## What needs to be done
Set down the entries again word for word, without any of the images.

## Data for this exercise
»»

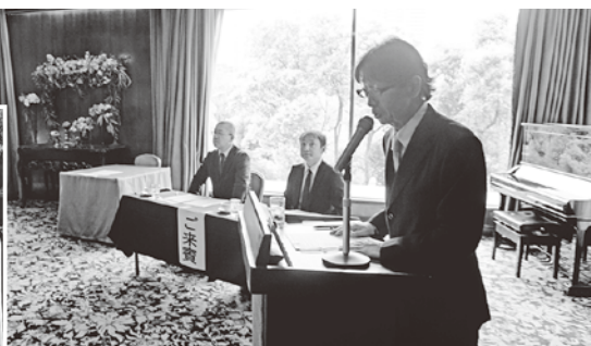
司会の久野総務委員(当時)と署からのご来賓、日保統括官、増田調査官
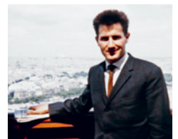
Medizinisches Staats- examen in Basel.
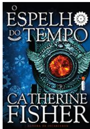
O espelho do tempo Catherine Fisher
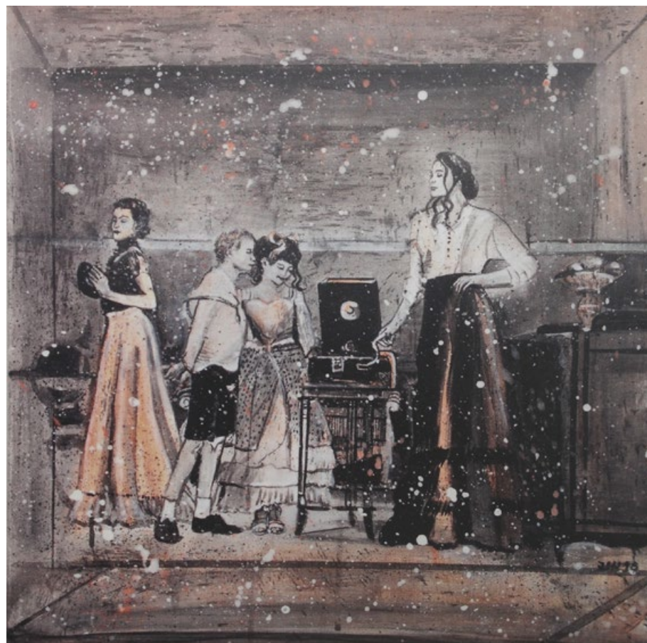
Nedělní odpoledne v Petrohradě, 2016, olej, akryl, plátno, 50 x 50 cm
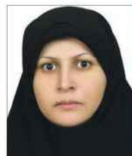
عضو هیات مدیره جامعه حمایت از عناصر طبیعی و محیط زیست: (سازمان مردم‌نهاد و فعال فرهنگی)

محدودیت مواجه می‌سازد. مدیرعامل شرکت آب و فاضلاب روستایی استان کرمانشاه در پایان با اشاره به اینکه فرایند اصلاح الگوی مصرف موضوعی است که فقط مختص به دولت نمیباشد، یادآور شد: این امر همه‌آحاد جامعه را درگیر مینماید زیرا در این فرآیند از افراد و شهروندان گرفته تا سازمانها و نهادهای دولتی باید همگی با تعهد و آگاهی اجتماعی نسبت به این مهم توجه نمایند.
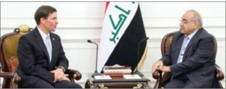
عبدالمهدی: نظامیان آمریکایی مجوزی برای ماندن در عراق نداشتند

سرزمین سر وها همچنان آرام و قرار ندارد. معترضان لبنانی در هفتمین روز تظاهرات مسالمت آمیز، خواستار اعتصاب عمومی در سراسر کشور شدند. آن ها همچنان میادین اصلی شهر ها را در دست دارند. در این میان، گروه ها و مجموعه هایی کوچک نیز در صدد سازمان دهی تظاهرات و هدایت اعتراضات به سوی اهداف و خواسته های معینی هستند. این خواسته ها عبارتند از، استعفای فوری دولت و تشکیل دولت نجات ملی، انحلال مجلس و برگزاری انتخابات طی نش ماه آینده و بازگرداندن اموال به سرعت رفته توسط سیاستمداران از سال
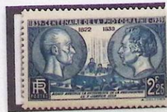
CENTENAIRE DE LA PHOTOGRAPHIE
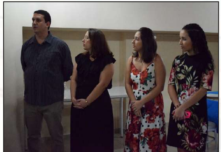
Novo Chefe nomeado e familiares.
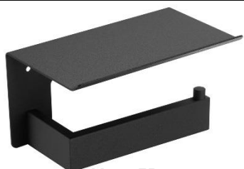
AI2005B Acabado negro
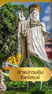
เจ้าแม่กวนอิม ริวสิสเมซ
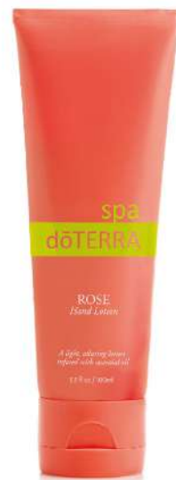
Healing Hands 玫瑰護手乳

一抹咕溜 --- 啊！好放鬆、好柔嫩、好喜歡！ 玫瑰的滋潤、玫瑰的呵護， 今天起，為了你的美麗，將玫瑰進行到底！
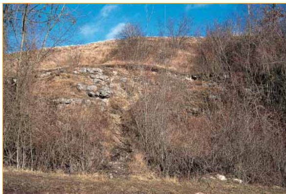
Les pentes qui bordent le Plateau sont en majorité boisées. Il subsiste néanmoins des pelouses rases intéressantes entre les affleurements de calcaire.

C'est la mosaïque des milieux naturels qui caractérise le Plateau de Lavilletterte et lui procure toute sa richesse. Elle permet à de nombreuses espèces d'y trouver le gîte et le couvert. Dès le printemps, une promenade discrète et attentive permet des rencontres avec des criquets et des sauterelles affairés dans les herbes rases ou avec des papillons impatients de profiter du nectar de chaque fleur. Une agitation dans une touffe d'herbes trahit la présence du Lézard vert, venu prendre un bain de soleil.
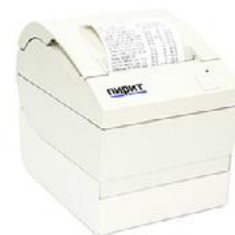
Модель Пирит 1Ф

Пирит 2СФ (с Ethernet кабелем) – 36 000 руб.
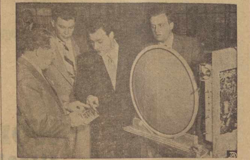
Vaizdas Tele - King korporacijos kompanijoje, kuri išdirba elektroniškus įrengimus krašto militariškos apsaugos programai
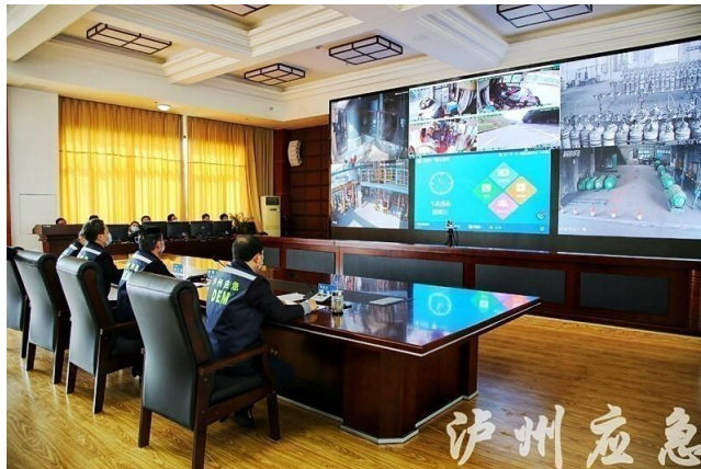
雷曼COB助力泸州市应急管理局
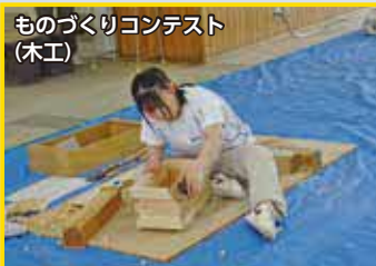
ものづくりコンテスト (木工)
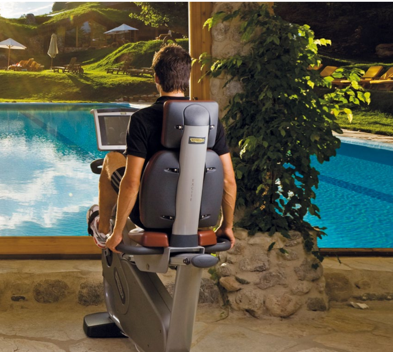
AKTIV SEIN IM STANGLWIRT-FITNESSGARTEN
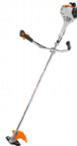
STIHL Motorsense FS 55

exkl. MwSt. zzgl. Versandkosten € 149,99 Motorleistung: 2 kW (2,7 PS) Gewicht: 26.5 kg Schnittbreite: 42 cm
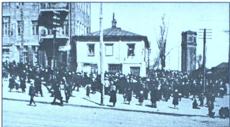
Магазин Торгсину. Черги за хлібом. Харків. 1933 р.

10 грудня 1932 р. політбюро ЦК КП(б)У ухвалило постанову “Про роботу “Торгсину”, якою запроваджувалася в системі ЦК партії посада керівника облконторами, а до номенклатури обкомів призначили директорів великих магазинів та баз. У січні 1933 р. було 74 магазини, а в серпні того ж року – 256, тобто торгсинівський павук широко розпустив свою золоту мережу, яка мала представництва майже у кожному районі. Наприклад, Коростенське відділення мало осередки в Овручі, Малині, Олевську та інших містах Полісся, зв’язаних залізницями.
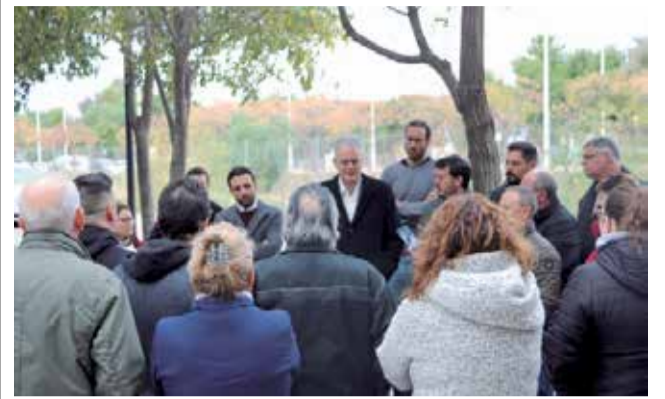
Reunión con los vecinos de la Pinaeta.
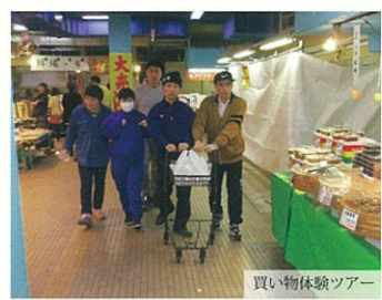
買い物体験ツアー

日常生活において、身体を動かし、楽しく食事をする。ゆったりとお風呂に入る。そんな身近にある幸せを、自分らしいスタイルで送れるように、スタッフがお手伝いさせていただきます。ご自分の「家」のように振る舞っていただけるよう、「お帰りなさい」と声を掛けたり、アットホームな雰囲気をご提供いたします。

««

## Written response
司会の久野総務委員(当時)と署からのご来賓、日保統括官、増田調査官
Medizinisches Staats- examen in Basel.
O espelho do tempo Catherine Fisher
Nedělní odpoledne v Petrohradě, 2016, olej, akryl, plátno, 50 x 50 cm
عضو هیات مدیره جامعه حمایت از عناصر طبیعی و محیط زیست: (سازمان مردم‌نهاد و فعال فرهنگی)

محدودیت مواجه می‌سازد. مدیرعامل شرکت آب و فاضلاب روستایی استان کرمانشاه در پایان با اشاره به اینکه فرایند اصلاح الگوی مصرف موضوعی است که فقط مختص به دولت نمیباشد، یادآور شد: این امر همه‌آحاد جامعه را درگیر مینماید زیرا در این فرآیند از افراد و شهروندان گرفته تا سازمانها و نهادهای دولتی باید همگی با تعهد و آگاهی اجتماعی نسبت به این مهم توجه نمایند.
عبدالمهدی: نظامیان آمریکایی مجوزی برای ماندن در عراق نداشتند

سرزمین سر وها همچنان آرام و قرار ندارد. معترضان لبنانی در هفتمین روز تظاهرات مسالمت آمیز، خواستار اعتصاب عمومی در سراسر کشور شدند. آن ها همچنان میادین اصلی شهر ها را در دست دارند. در این میان، گروه ها و مجموعه هایی کوچک نیز در صدد سازمان دهی تظاهرات و هدایت اعتراضات به سوی اهداف و خواسته های معینی هستند. این خواسته ها عبارتند از، استعفای فوری دولت و تشکیل دولت نجات ملی، انحلال مجلس و برگزاری انتخابات طی نش ماه آینده و بازگرداندن اموال به سرعت رفته توسط سیاستمداران از سال
CENTENAIRE DE LA PHOTOGRAPHIE
Novo Chefe nomeado e familiares.
AI2005B Acabado negro
เจ้าแม่กวนอิม ริวสิสเมซ
Healing Hands 玫瑰護手乳

一抹咕溜 --- 啊！好放鬆、好柔嫩、好喜歡！ 玫瑰的滋潤、玫瑰的呵護， 今天起，為了你的美麗，將玫瑰進行到底！
Les pentes qui bordent le Plateau sont en majorité boisées. Il subsiste néanmoins des pelouses rases intéressantes entre les affleurements de calcaire.

C'est la mosaïque des milieux naturels qui caractérise le Plateau de Lavilletterte et lui procure toute sa richesse. Elle permet à de nombreuses espèces d'y trouver le gîte et le couvert. Dès le printemps, une promenade discrète et attentive permet des rencontres avec des criquets et des sauterelles affairés dans les herbes rases ou avec des papillons impatients de profiter du nectar de chaque fleur. Une agitation dans une touffe d'herbes trahit la présence du Lézard vert, venu prendre un bain de soleil.
Модель Пирит 1Ф

Пирит 2СФ (с Ethernet кабелем) – 36 000 руб.
Vaizdas Tele - King korporacijos kompanijoje, kuri išdirba elektroniškus įrengimus krašto militariškos apsaugos programai
雷曼COB助力泸州市应急管理局
ものづくりコンテスト (木工)
AKTIV SEIN IM STANGLWIRT-FITNESSGARTEN
STIHL Motorsense FS 55

exkl. MwSt. zzgl. Versandkosten € 149,99 Motorleistung: 2 kW (2,7 PS) Gewicht: 26.5 kg Schnittbreite: 42 cm
Магазин Торгсину. Черги за хлібом. Харків. 1933 р.

10 грудня 1932 р. політбюро ЦК КП(б)У ухвалило постанову “Про роботу “Торгсину”, якою запроваджувалася в системі ЦК партії посада керівника облконторами, а до номенклатури обкомів призначили директорів великих магазинів та баз. У січні 1933 р. було 74 магазини, а в серпні того ж року – 256, тобто торгсинівський павук широко розпустив свою золоту мережу, яка мала представництва майже у кожному районі. Наприклад, Коростенське відділення мало осередки в Овручі, Малині, Олевську та інших містах Полісся, зв’язаних залізницями.
Reunión con los vecinos de la Pinaeta.
買い物体験ツアー

日常生活において、身体を動かし、楽しく食事をする。ゆったりとお風呂に入る。そんな身近にある幸せを、自分らしいスタイルで送れるように、スタッフがお手伝いさせていただきます。ご自分の「家」のように振る舞っていただけるよう、「お帰りなさい」と声を掛けたり、アットホームな雰囲気をご提供いたします。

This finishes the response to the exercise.